===== DATA SECTION

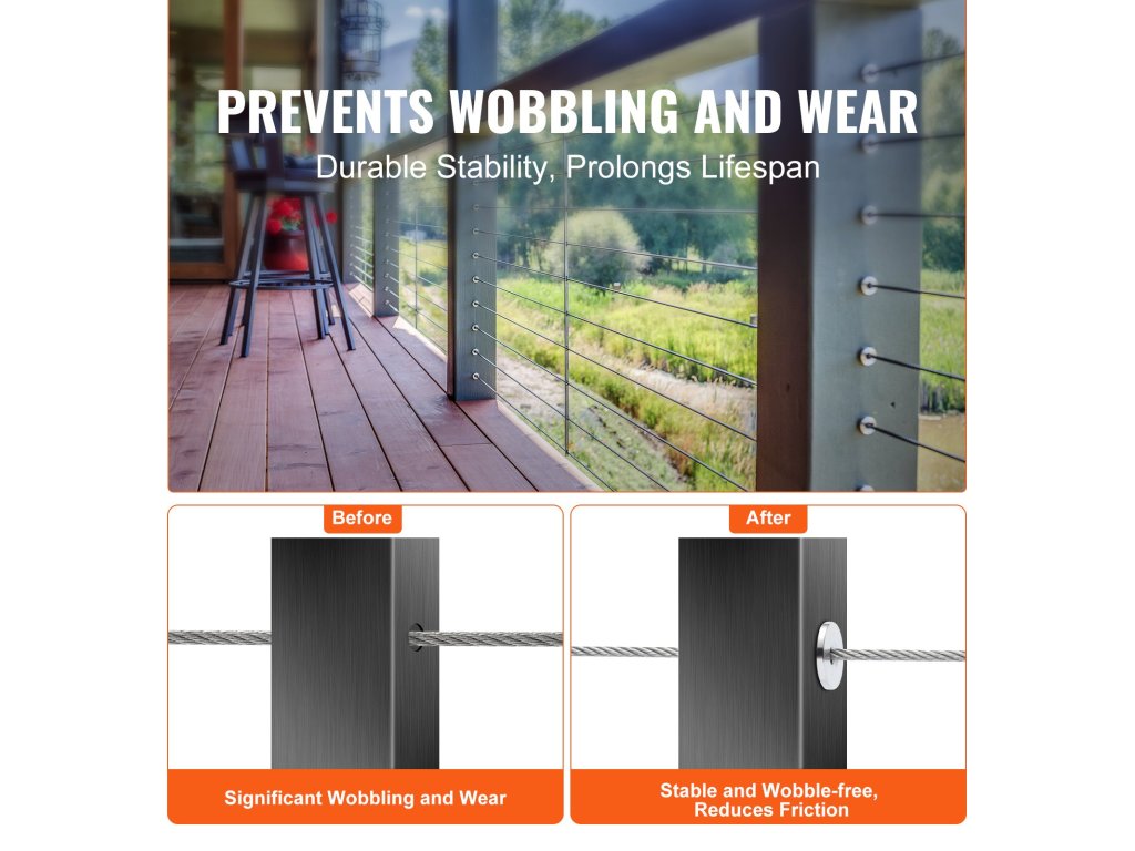Ez a korlátkészlet nemcsak az acélkábelek rögzítésére és a korlát kopásának csökkentésére használható, hanem a csúnya lyukak lefedésére is, javítva az általános vizuális esztétikát és megfiatalítva a szem előtt lévő tájat.
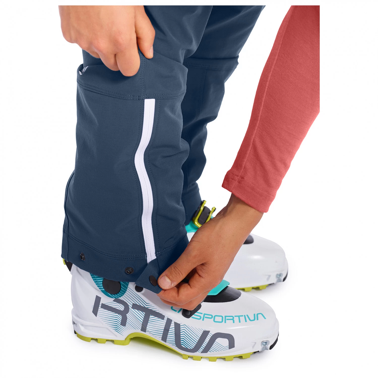 What else doe these mountaineering trousers have to offer? In addition to the map pocket, there are also two front pockets and one back pocket so that you have enough room to store your mobile phone and other essentials within easy reach. The edge protection on the inside leg ends ensures a long product life, while the leg ends are also adjustable for a perfect fit. The Women’s Cevedale Pants have integrated gaiters to prevent snow from getting inside the trousers from below. So these trousers should be your first choice when you head to the mountains in winter!
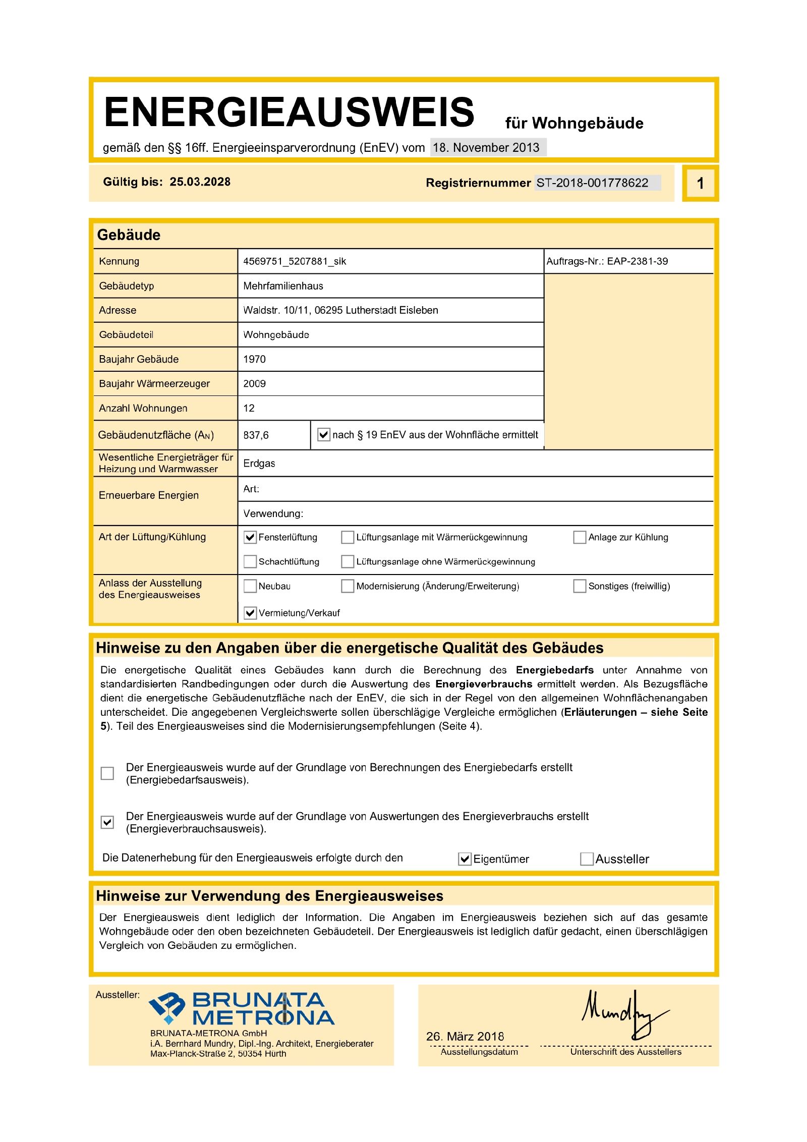 | Energieausweistyp | Verbrauchsausweis |
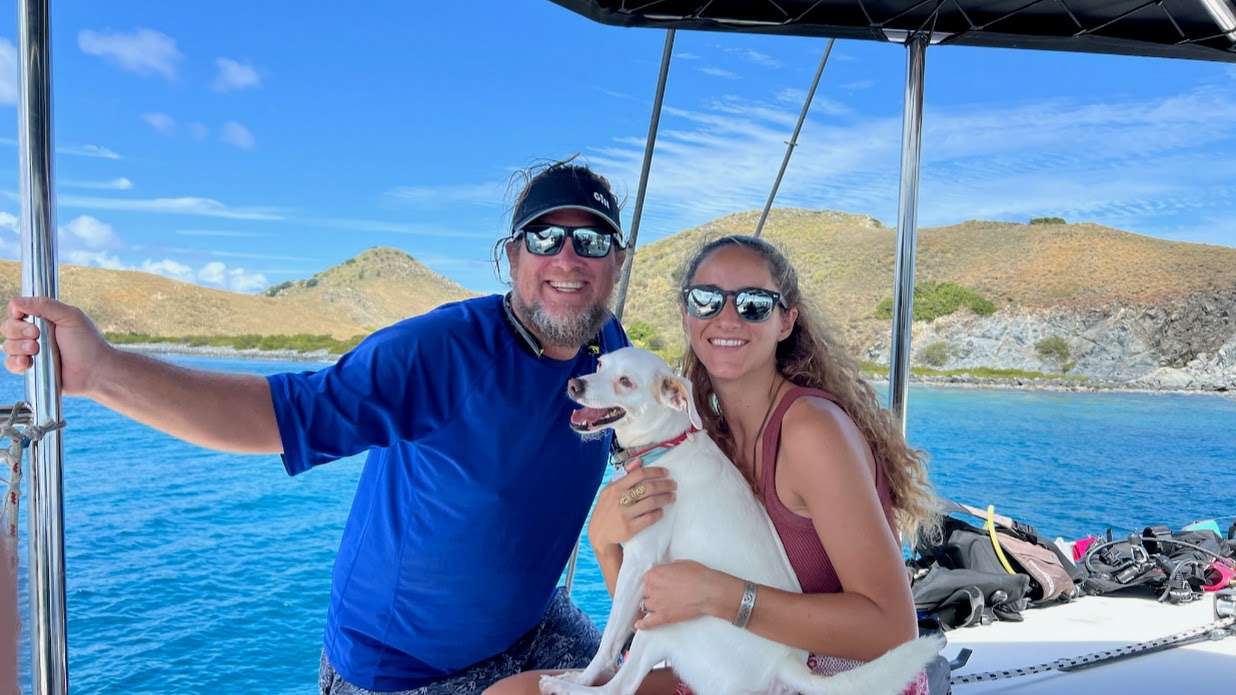 Kaya and Chris met on a marine science job in Culebra, PR in 2015 and were soon spending every free moment together. After the job, Chris followed Kaya first around Puerto Rico, and then began visiting her between jobs. Conspiring with her sisters, Chris surprised Kaya during a visit to see family in Ireland when she finally agreed to be his girlfriend. They have since crossed the US via campervan, traveled through dozens of countries, and lived in CA, FL, PR, and the USVI together. They have made a point of taking regional cooking classes as they have traveled the world, and take pride in being adventurous eaters. They are both passionate marine scientists with teaching experience at the university level, and love introducing their guests to the wonders of the ocean world. Their combined skills and experience offer travelers a broad array of options for indulging in all aspects of life at sea. They specialize in the BVI, USVI, and Spanish VI where Kaya grew up cruising and they both know intimately. Chris and Kaya got engaged on a trip to Australia in 2022 and celebrated their wedding in June 2024.
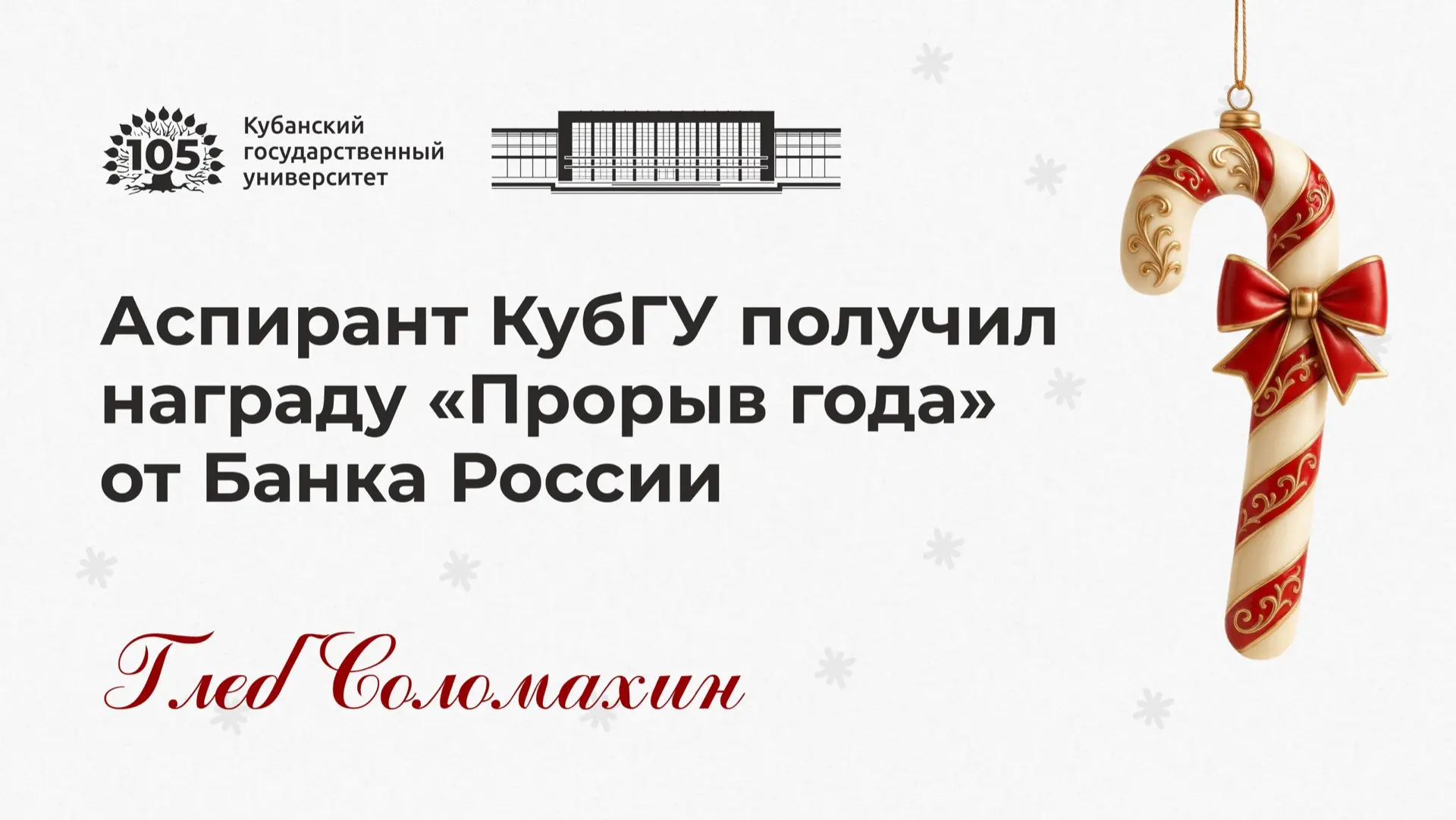 Аспирант кафедры экономического анализа, статистики и финансов КубГУ Глеб Соломахин получил награду «Прорыв года» от Банка России.
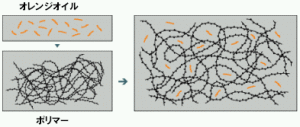 ゴムというのは鎖状のものが絡み合っている状態になっています。オレンジオイルを入れると、これがゴムとゴムの間に入り込んで、ゴムの動きを"しなやか"にしてくれます。
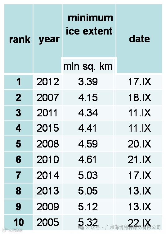 2015年9月平均海冰范围,红线为1980-2010年9月平均值
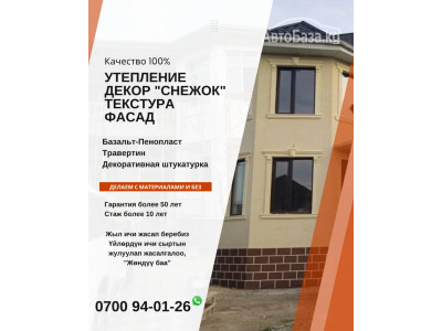 Утепление. Декор "Снежок". Текстура. Фасад. Базальт-Пенопласт. Травертин. Декоративный штукатурка. С материалами, и без материала делаем. Качество 100% Стаж более 10 лет Гарантия более 50 лет Жыл ичи жасап береби Үйлө...
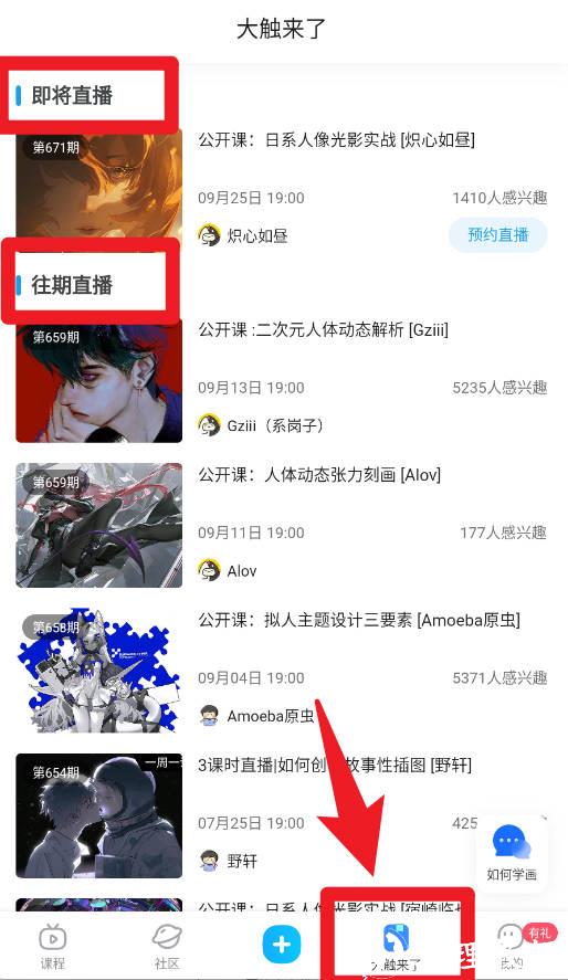 4、大触来了专区提供即将开课和往期课程直播,用户可自由预约或回看,学习知名老师的专业经验。
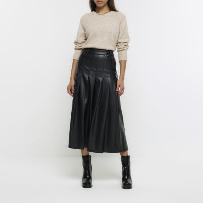 Faux leather midi skirt white clearance, Black faux leather pleated midi skirt River Island clearance
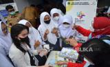 Pengunjung mengikuti kuis tentang pencegahan korupsi di Pameran Pelayanan Publik saat Peringatan Hari Antikorupsi Sedunia (Hakordia) 2022 yang digelar Komisi Pemberantasan Korupsi (KPK) di Plaza Gedung Sate, Kota Bandung, Senin (5/12/2022). Tema Hakordia tahun ini yaitu Indonesia Pulih, Bersatu Berantas Korupsi. Acara diisi berbagai kegiatan di antaranya seminar, diskusi, dan edukasi terkait pencegahan korupsi. Kegiatan berlangsung 5-6 Desember 2022. Republika/Edi Yusuf (FOTO : Edi Yusuf/Republika)
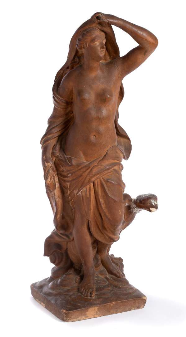 Sculpture allégorique en terre cuite représentant l'Air sous les traits d'une jeune femme debout sur un nuée, à peine couverte d'un voile en léger mouvement. D'un geste délicat, elle soulève le voile enroulé autour de ses formes pour se couvrir la tête. À ses pieds derrière elle se trouve un aigle relevant la tête tandis qu'un caméléon est caché dans les plis du drapé, à sa droite. France, XVIIIe siècle.
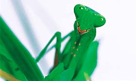 えさをつかまえるオオカマキリ
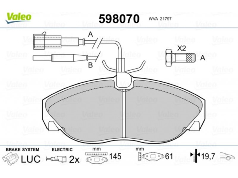 Valeo Σετ τακάκια, Δισκόφρενα - 598070
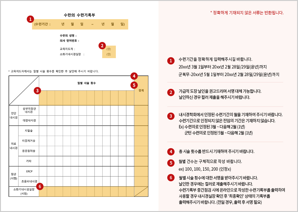 접수 전 제출서류 (수련증명서, 수련기록부, 지도의추천서) 작성 방식은 아래 예시를 참고하여 주시기 바랍니다.
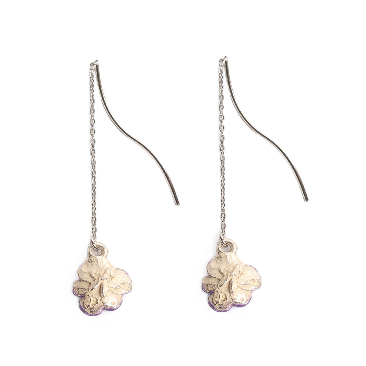 ビオラの花言葉は「もの思い」「私のことを想って」「誠実」。 ※ポストとチェーンの接続部分は大変繊細な作りのため、お取り扱いには十分ご注意ください。
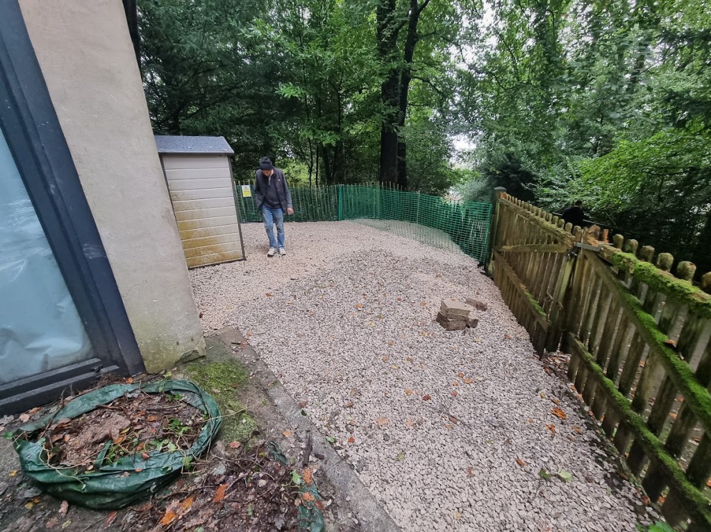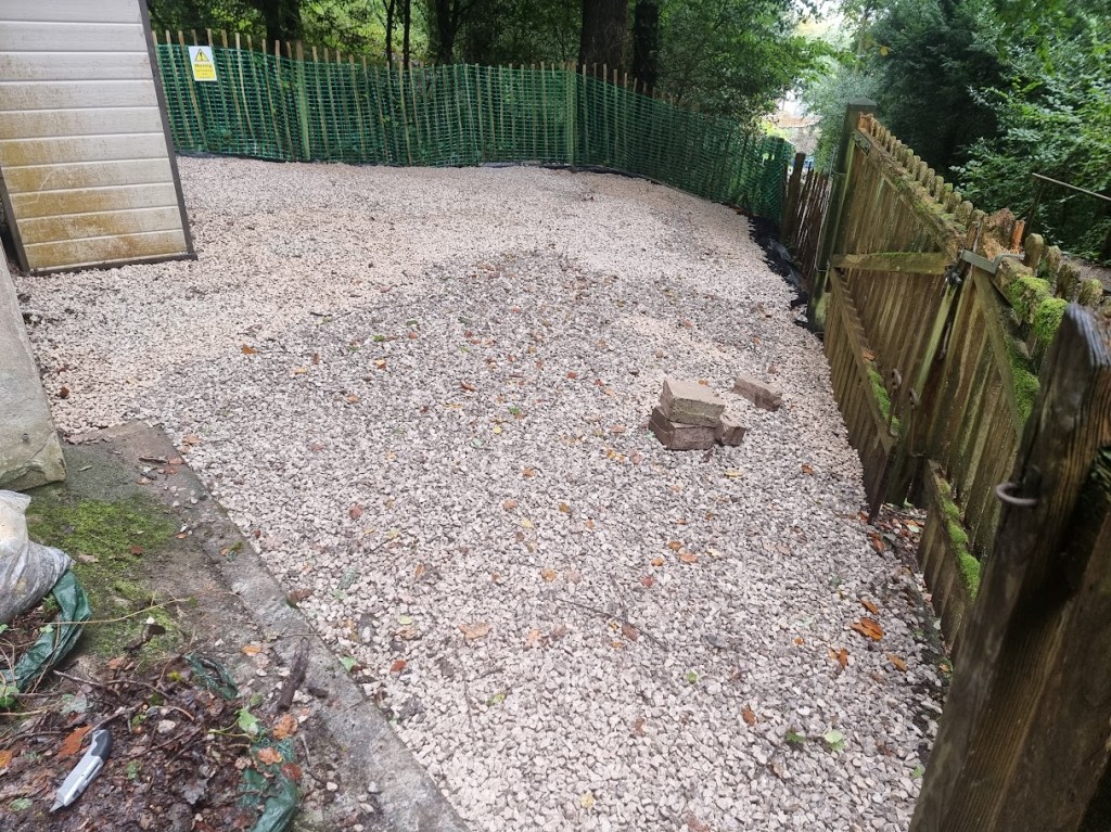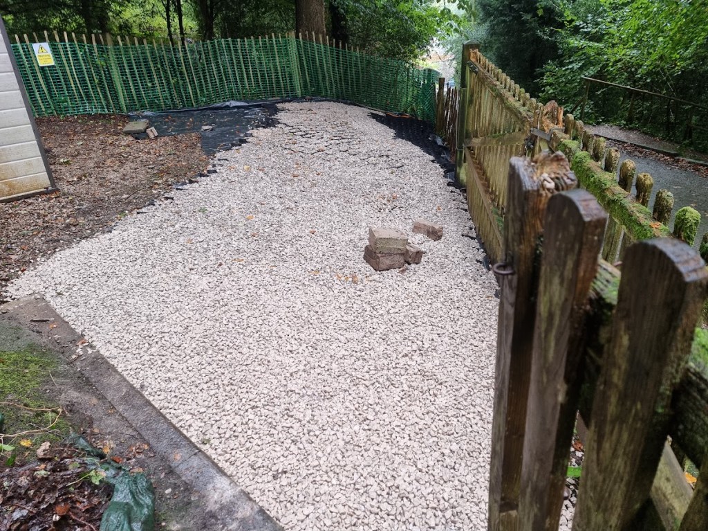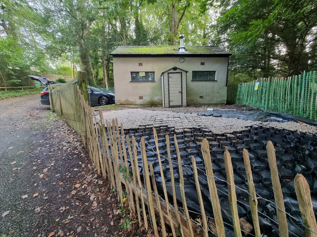 The ground where we worked needed to be protected with up to 4 inches of 20mm limestone aggregate, placed within a protective honeycomb structure to prevent the stones from shifting or becoming too thin. This was done to safeguard the roots of the surrounding trees and ensure they weren’t damaged during the work.

==========

Print an exact copy of the lines above, from the one containing "ゴムというのは鎖状のものが絡" through the one containing "4、大触来了专区提供即将开课", and leave out the pictures.

 ゴムというのは鎖状のものが絡み合っている状態になっています。オレンジオイルを入れると、これがゴムとゴムの間に入り込んで、ゴムの動きを"しなやか"にしてくれます。
 2015年9月平均海冰范围,红线为1980-2010年9月平均值
 Утепление. Декор "Снежок". Текстура. Фасад. Базальт-Пенопласт. Травертин. Декоративный штукатурка. С материалами, и без материала делаем. Качество 100% Стаж более 10 лет Гарантия более 50 лет Жыл ичи жасап береби Үйлө...
 4、大触来了专区提供即将开课和往期课程直播,用户可自由预约或回看,学习知名老师的专业经验。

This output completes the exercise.